A DataFetcher in a VT world could be the following


DataFetcher dataFetcher = dfe -> {
   try (var scope = new StructuredTaskScope.ShutdownOnFailure()) {
        Supplier<Object>  value  = scope.fork(() -> someCodeThatMayBlock(dfe));
        scope.join()           
             .throwIfFailed();  // ... and propagate errors
        return value.get()
    }}

Note the above uses the proposed Structured Concurrency API, also in JDK 21 but in preview.

This is actual a return to the past. The original java 6 based engine worked in this manner where all returned values appear synchronous.

The every DataFetcher in a VT idea

In theory we could start a VT for every field fetch. There can be millions of VTs in theory. However VTs are cheap but not free so this does not strike me as a sensible idea.

The non trivial DataFetcher idea

One idea is a that the graphql engine could start a virtual thread per non trivial data fetcher.

Today graphql-java has TrivialDataFetcher which PropertyDataFetcher uses when it reads POJO values out of an in memory object. a VT per field is overkill and not needed.

But a VT per non TrivialDataFetcher might be used so that some one can writing blocking code and the engine running it would stay async and continue to process other fields as it operates.

There are two ways to do this.

The engine itself could start starting VTs itself before executing a non trivial data fetcher.

Or it could provide helper functions that make a DataFetcher start in VT and then it would be a choice of consumer to choose to use it.

  DataFetcher dataFetcher = VirtualThreadDataFetcher.create( dfe -> someCodeThatMayBlock(dfe))

At this stage I really like the fact that graphql-java never starts a thread, virtual or not and leaves it to consumers. That way the threading decisions are left to consumers and frameworks
such as Spring or DGS.

VTs are much much cheaper than old school threads but they are not free or without consequences.

The migration

graphql-java is based on Java 11, having only just updated. We are deliberately slow in base JDK upgrades because all sorts of people use graphql-java and we won't require them to use JDK 21 say for many years.

We want graphql-java to be widely useable on many versions of the JDK.

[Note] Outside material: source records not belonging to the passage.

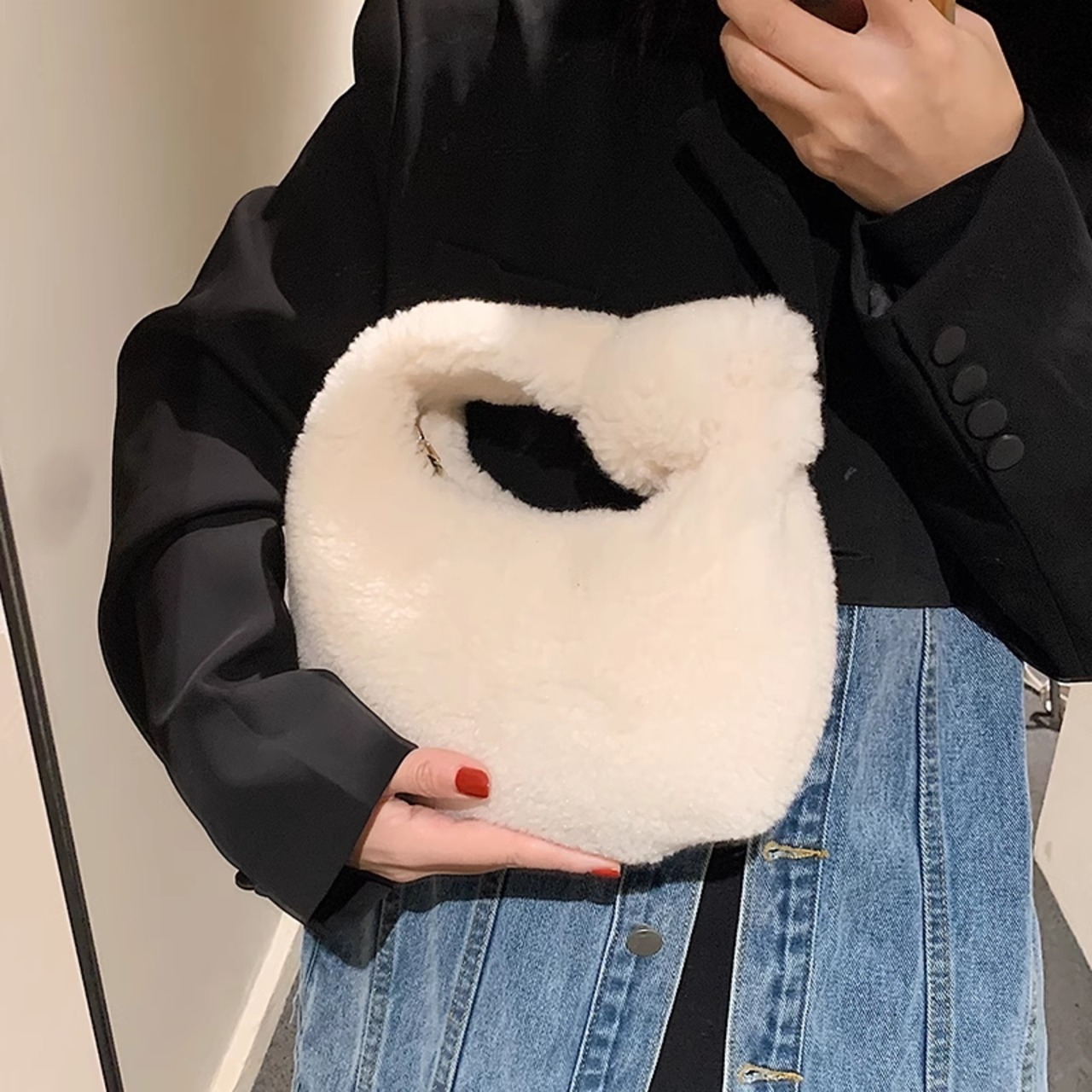 ミニマルなボアハンドバッグ。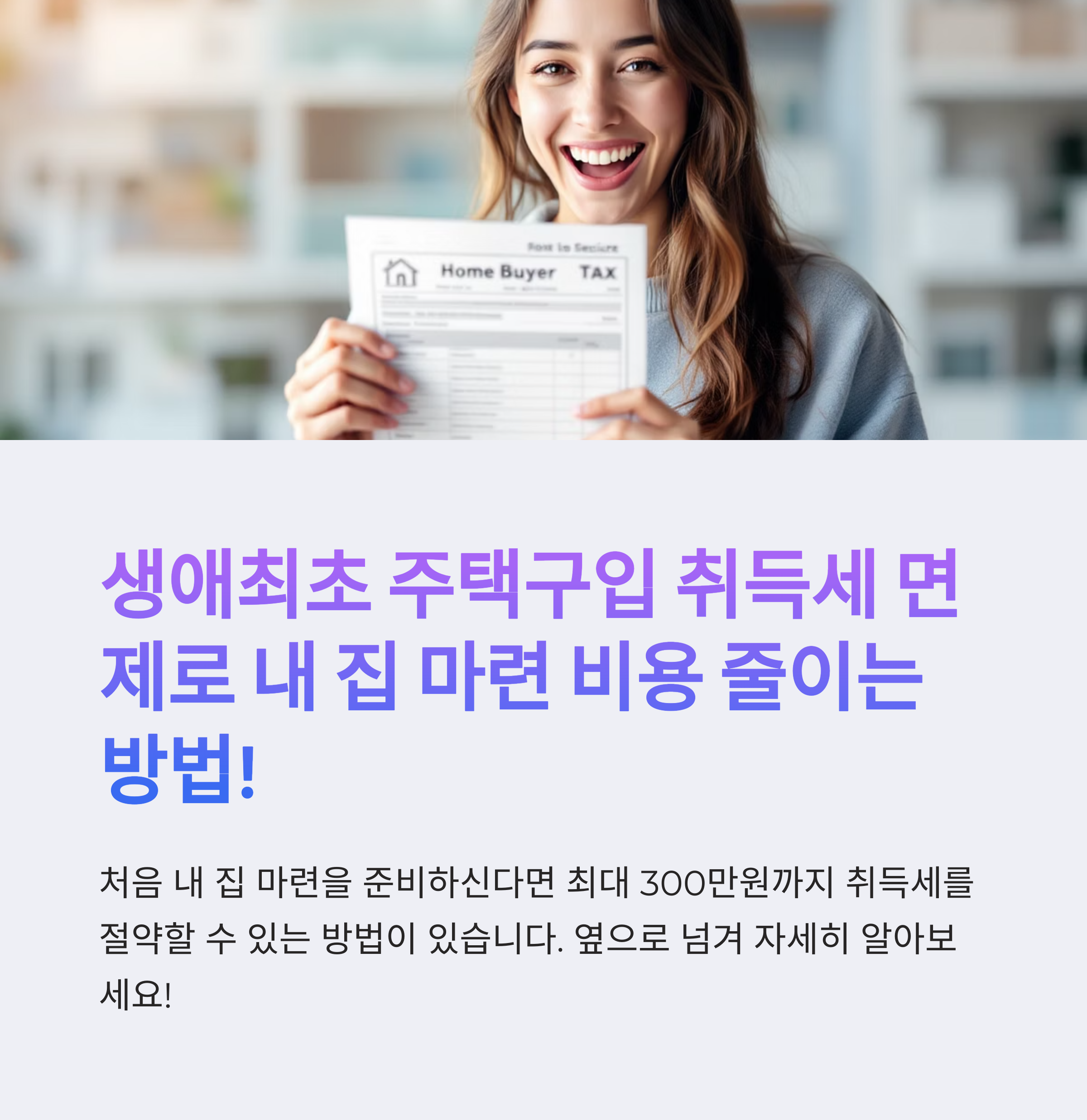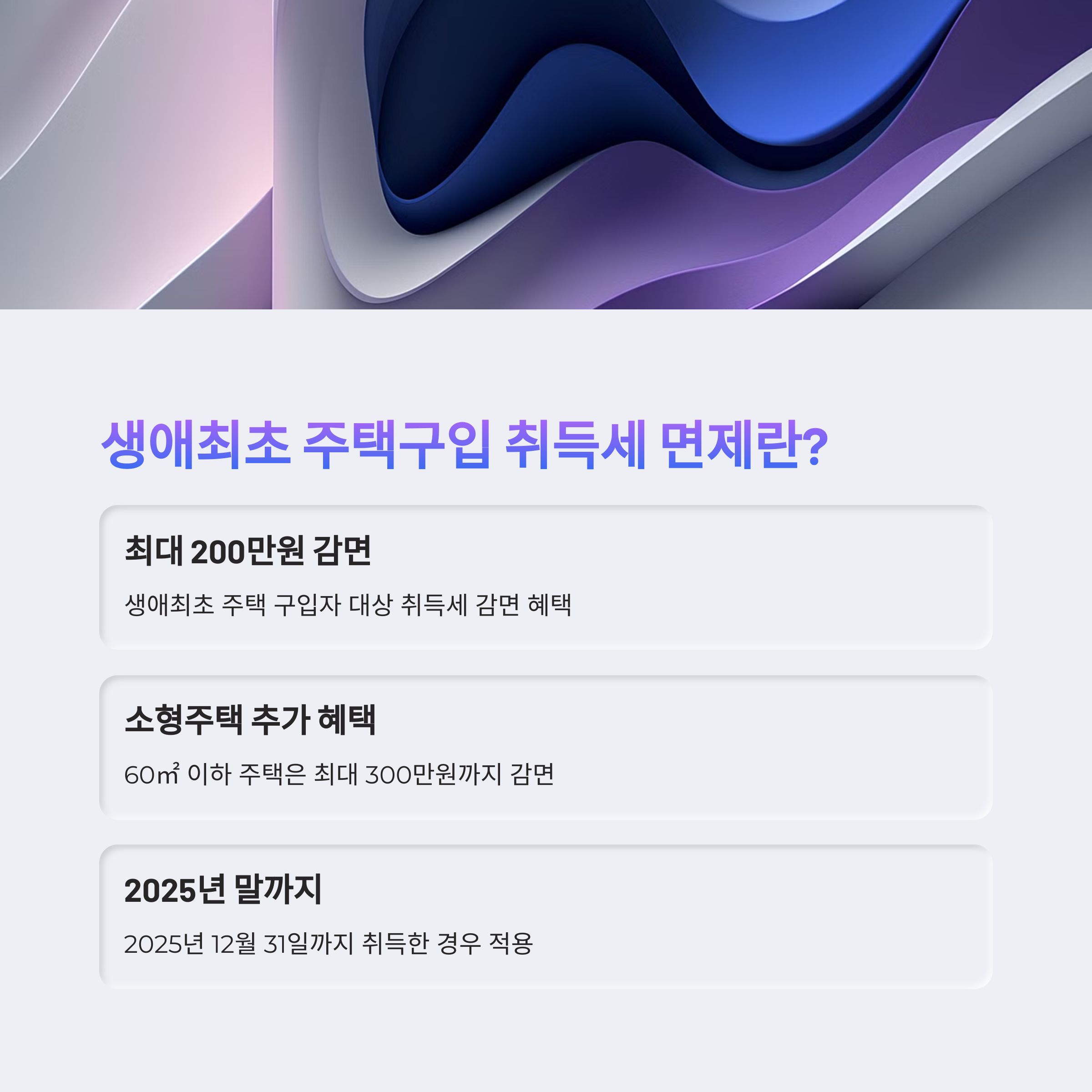 생애최초로 주택을 구입하는 무주택자를 대상으로 최대 200만 원(소형주택은 최대 300만 원)까지 취득세를 감면해주는 제도입니다. 특히 청년, 신혼부부, 주거 취약계층에게 실질적인 도움이 되고 있습니다.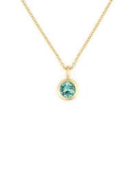 Round green tourmaline (0.66ctw) set in brushed 18k yellow gold bezel charm pendant. The pendant hangs approximately 12mm including bail. Chain not included.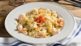 Bow tie pasta, baby shrimp, cream & lemon zest.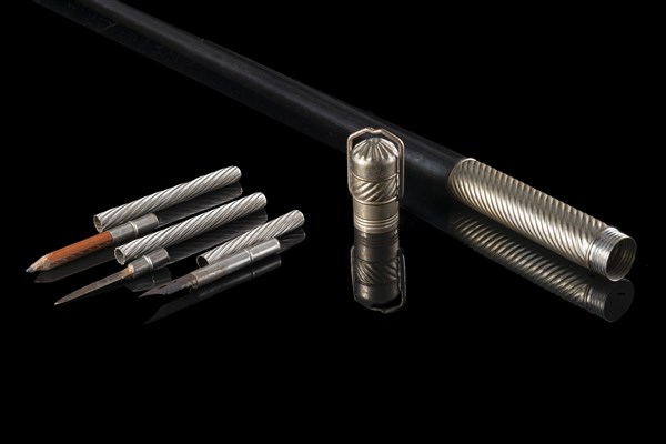An ebony walking stick with silvered metal handle enclosing a draftsman kit. Metal cap (L. cm 94)

So we have two cohorts of users. Those who might be able to run JDK 21 and VTs and those who cannot

A CF based engine on JDK21

The current engine can certainly run async in a JDK 21 VT environment. If a DataFetcher did the following it would fit straight into the current engine

DataFetcher dataFetcher = dfe -> {
   try (var scope = new StructuredTaskScope.ShutdownOnFailure()) {
        Supplier<Object>  value  = scope.fork(() -> someCodeThatMayBlock(dfe));
        scope.join()           
             .throwIfFailed();  // ... and propagate errors
        return value.get()
    }}

The above would be wrapped in a CF (as it would be completed) by the engine and it would work as it does today.

A object based engine on JDK21

Another option is to rewrite a new engine for those who can exclusively run on JDK 21 and VTs. It would be materialised object based and not use CFs.

DataFetchers would not be affected because the already return Object and we smart wrap them in CFs today and would not need to in the this future engine.

Flow on effects to the engine

This has flow on effects however to other parts of the callback code, namely Instrumentation

Today it has methods like

default InstrumentationContext<Object> beginFieldFetch(InstrumentationFieldFetchParameters parameters, InstrumentationState state) {


public interface InstrumentationContext<T> {

    /**
     * This is invoked when the instrumentation step is initially dispatched
     *
     * @param result the result of the step as a completable future
     */
    void onDispatched(CompletableFuture<T> result);

    /**
     * This is invoked when the instrumentation step is fully completed
     *
     * @param result the result of the step (which may be null)
     * @param t      this exception will be non null if an exception was thrown during the step
     */
    void onCompleted(T result, Throwable t);

}

The CFs here are strongly present in the Instrumentation API. We could leave it as is allocated a dummy CF but thats pointless really if we are writing a new engine

What this means is that a new engine requires a new peer Instrumentation. We also know this to be true from other work we have done where we investigated a new algorithm of fetching and hence the Instrumentation callbacks become specific to the engine algorithm.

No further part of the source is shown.